ʿAbd al-Laṭīf, as both an observer of current events—of history in the raw—and as a historian, knows that time flows in different ways: sometimes deep and slow, sometimes in cataracts. Like the fourth/tenth-century poet, al-Mutanabbī (and for that matter the fourteenth/twentieth-century traveler Dean Moriarty, of Kerouacʼs On the Road), ʿAbd al-Laṭīf can say, “I have come to know all about time.”53
But something else holds it all together, and that is ʿAbd al-Laṭīfʼs sweeping gaze, which pans from al-tharā to al-thurayyā—to use the proverbial Arabic poles of reference—from the earth to the Pleiades, from dust to stardust; or, to use two of his own extremes, from the fug and dung of chicken factories to the highest esthetics of pharaonic sculpture.
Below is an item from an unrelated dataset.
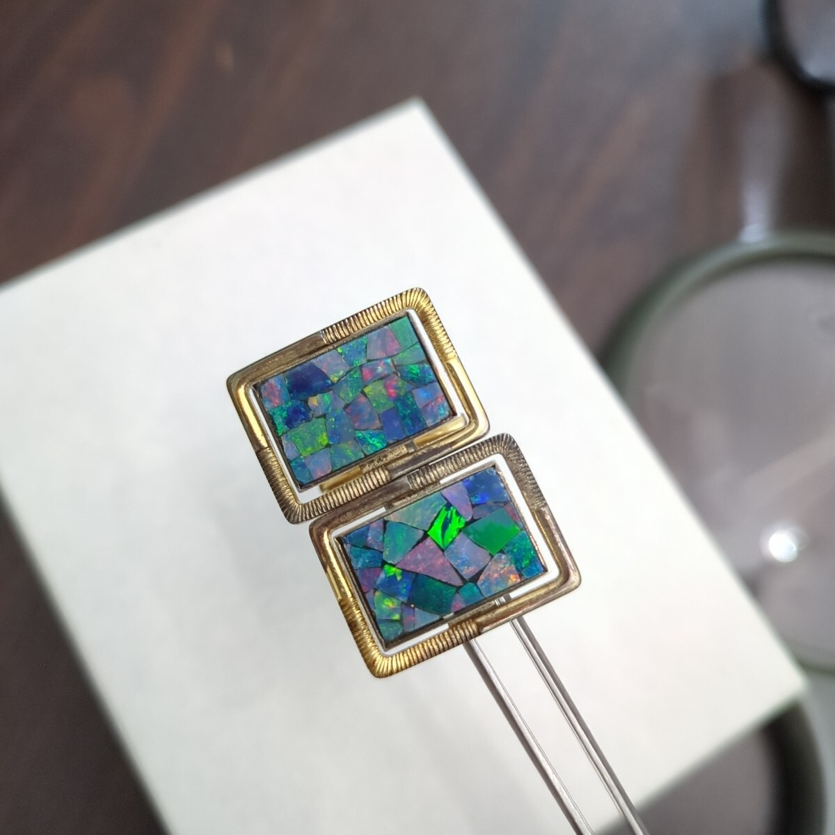 モザイクオパールとシルバーに金メッキのお品です。

The panoptic view swings, as ever, between his own two poles of reference: Aristotle, for whom nothing in creation is too “ignoble” to be contemplated and analyzed (§1.4.50), and God, “Whose unity is affirmed in [His creationʼs] plurality” (§1.4.53).
That last phrase is what gives order to ʿAbd al-Laṭīfʼs apparent eclecticism: by looking at the many, we might catch a glimpse of the One. The looking, like the writing, is an act of faith.